Trump encourages Russia to attack non-paying NATO allies, White House ‘appalled’

Trump was speaking at a rally in South Carolina

Trump US elections Republican presidential candidate former President Donald Trump | AP

Republican front-runner Donald Trump has dropped yet another bombshell by saying that he would encourage Russia to attack NATO allies who pay little on defence. He also blamed US for not protecting NATO allies from a potential invasion by Russia. Rejecting his comments, White House termed it as "appalling and unhinged".

While speaking at a rally in South Carolina on Saturday, Trump recounted a story he has told before about his meeting with NATO leaders.
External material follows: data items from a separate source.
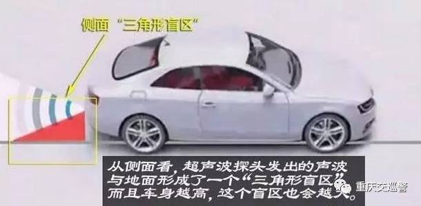倒车雷达之类的电子辅助设备,由于雷达的发射范围是呈圆锥状的,因此倒车雷达主要的盲区范围就是雷达超声波探头发出的声波与声波之间没被“照射”到的范围。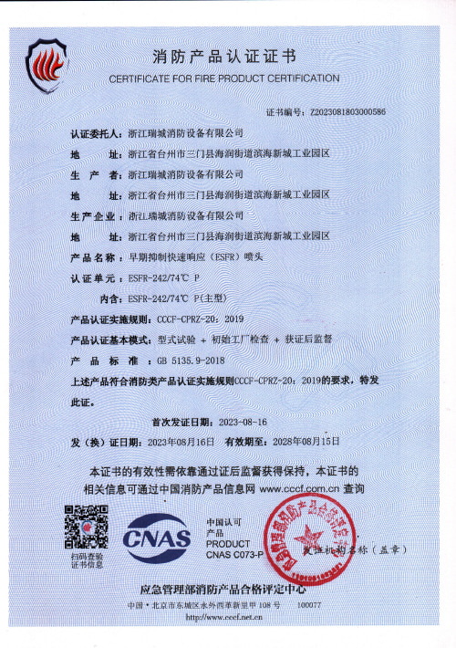 产品标准:GB5135.9《自动喷水灭火系统第9部分:早期抑制快速响应(ESFR)喷头》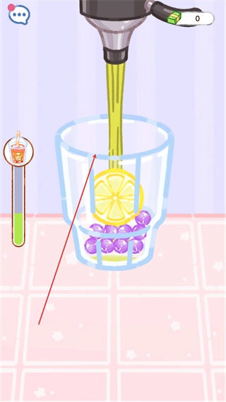 4、倒入饮品并添加柠檬等辅料,完成小吃制作,推进关卡进度。
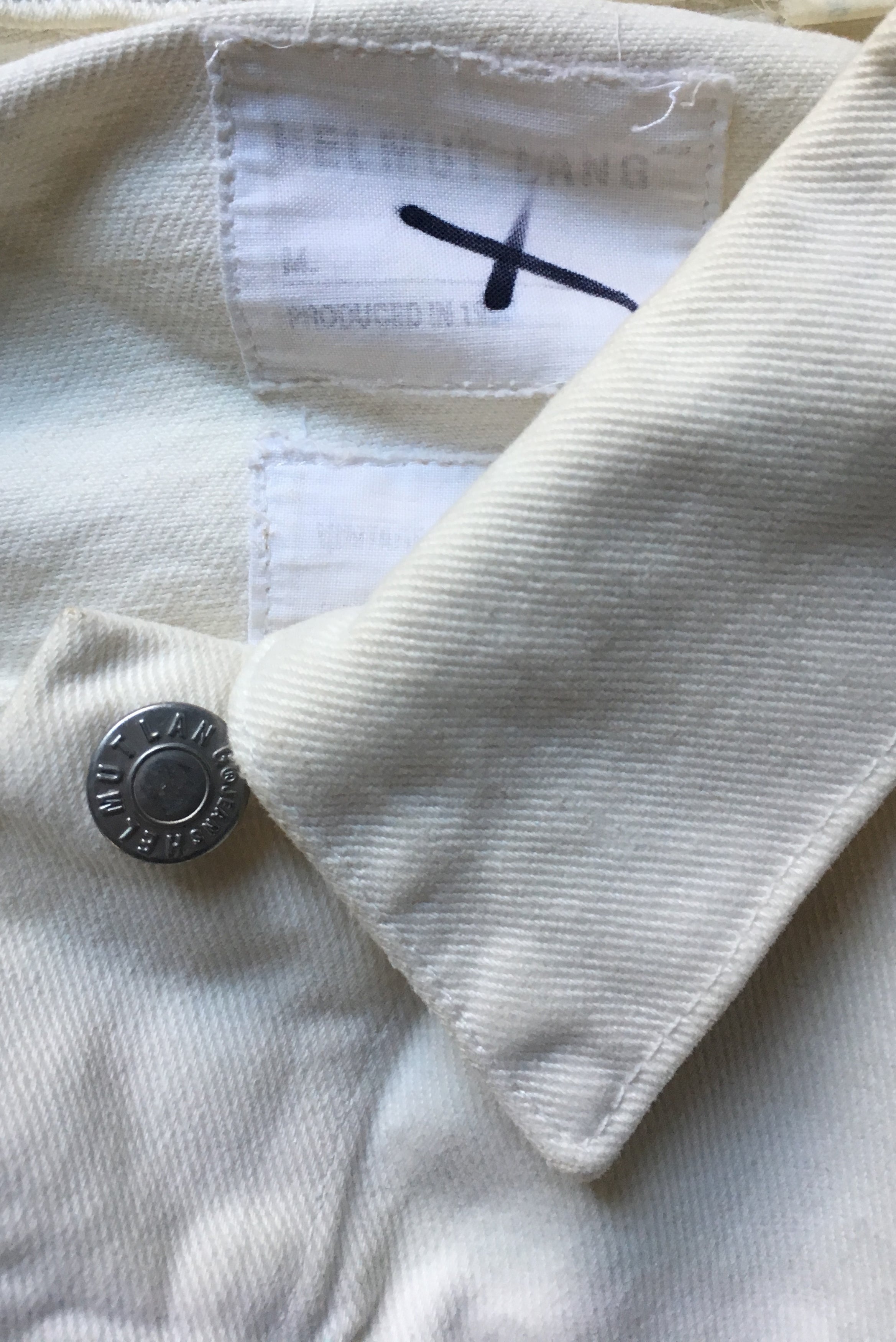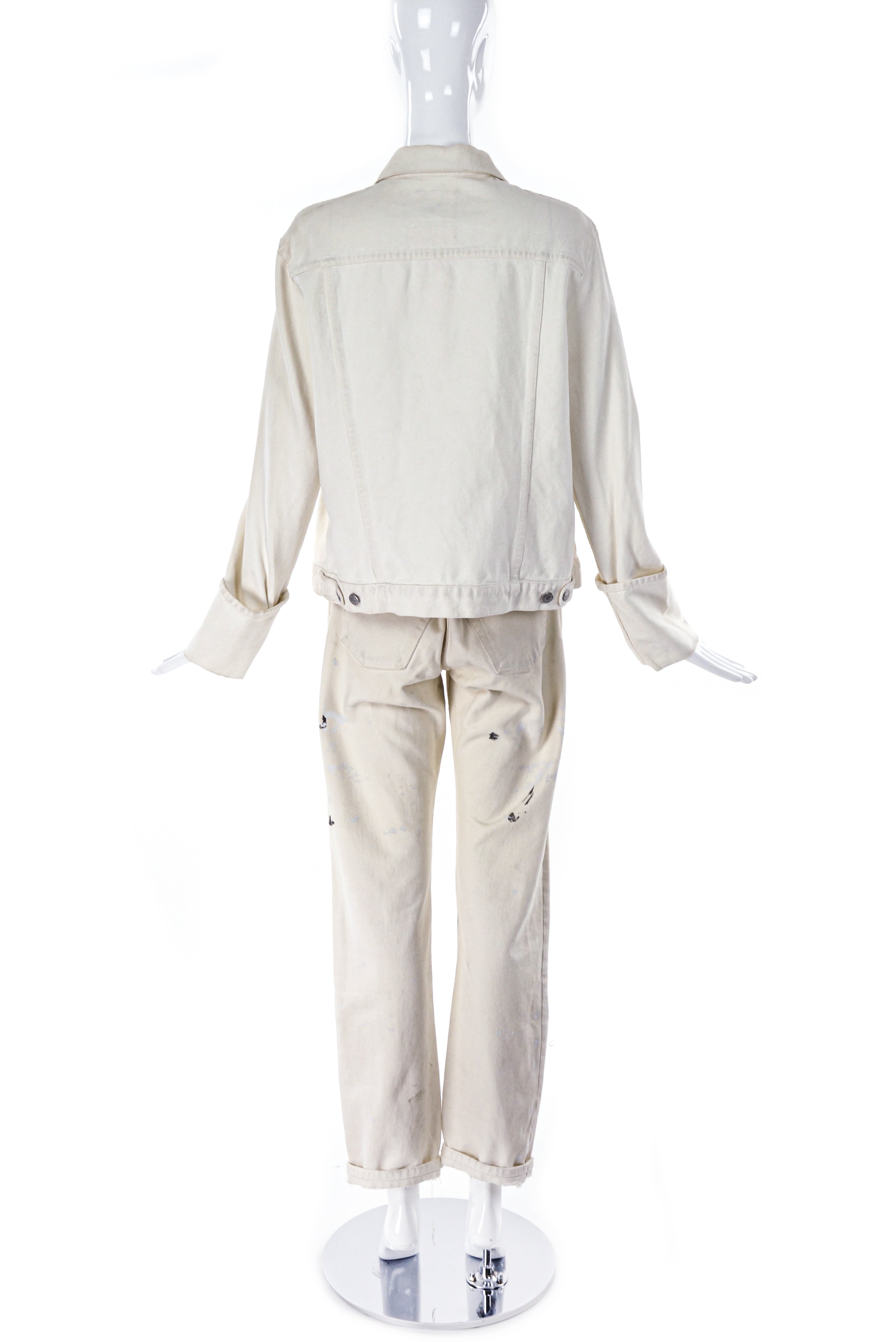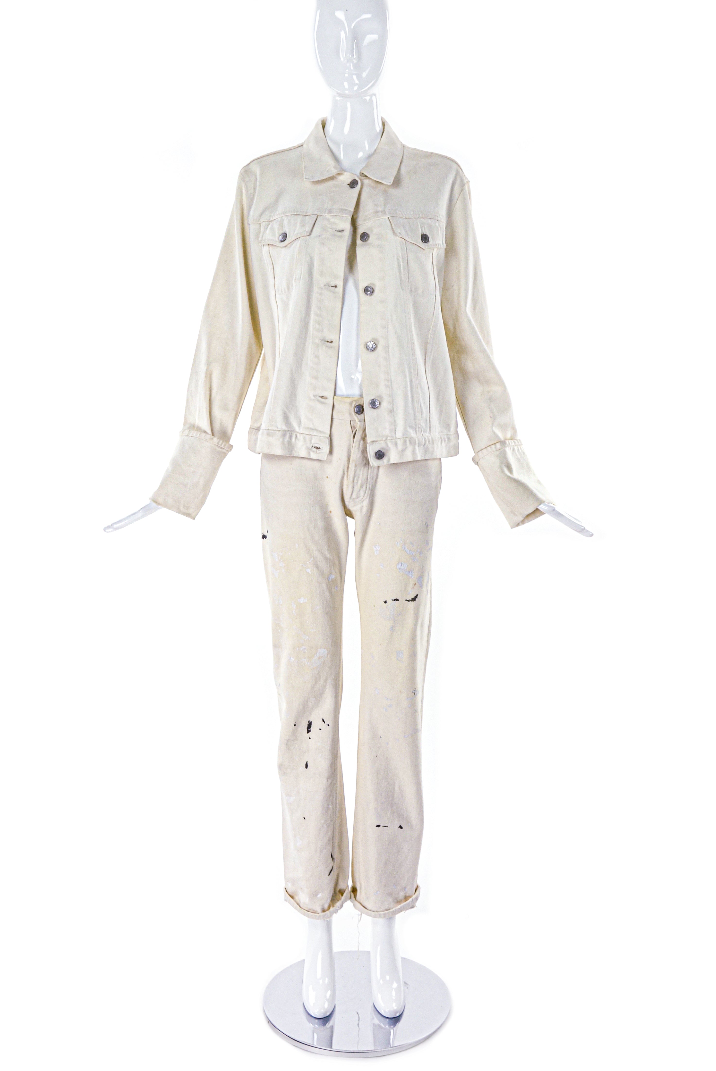 A set of Helmut Lang pieces from the Spring / Summer 1998 Collection. The ivory denim cotton jacket and straight leg trouser have the iconic paint splatter associated with the famous SS1998 collection. The jacket has the classic Helmut Lang oversized sleeve cuffs.

"One of the presidents of a big country stood up, said: 'Well sir if we

don't pay, and we're attacked by Russia- will you protect us?' I said: 'you didn't pay? You're delinquent?' He said: 'Yes, let's say that happened.' No I would not protect you, in fact I would encourage them to do whatever they want. You gotta pay."

NATO allies agreed in 2014, after Russia annexed Ukraine's Crimean Peninsula, to halt the spending cuts they had made after the Cold War and move toward spending 2% of their GDPs on defense by 2024, reported The Associated Press.

Trump's comments come at a time when Republicans in Congress have become skeptical of providing additional aid money to Ukraine as it struggles to keep up the ongoing fight with Russia.

"Encouraging invasions of our closest allies by murderous regimes is appalling and unhinged - and it endangers American national security, global stability and our economy at home," White House spokesperson Andrew Bates was quoted by Reuters.

Earlier Saturday, Trump called for the end of foreign aid ‘WITHOUT STRINGS ATTACHED’, arguing that the US should dramatically curtail the way it provides money.

“From this point forward, are you listening US Senate (?), no money in the form of foreign aid should be given to any country unless it is done as a loan, not just a giveaway," Trump wrote on his social media network.

He went on to add that money could be loaned on extraordinarily good terms with no interest and no date of repayment.

“If the country we are helping ever turns against us, or strikes it rich sometime in future, the loan will be paid off and the money returned to the United States,” he wrote.

Reportedly, during Trump's 2016 campaign, he had said that under his leadership he might abandon its NATO treaty commitments and only come to the defense of countries that meet the alliance's guidelines by committing 2 percent of their gross domestic products to military spending.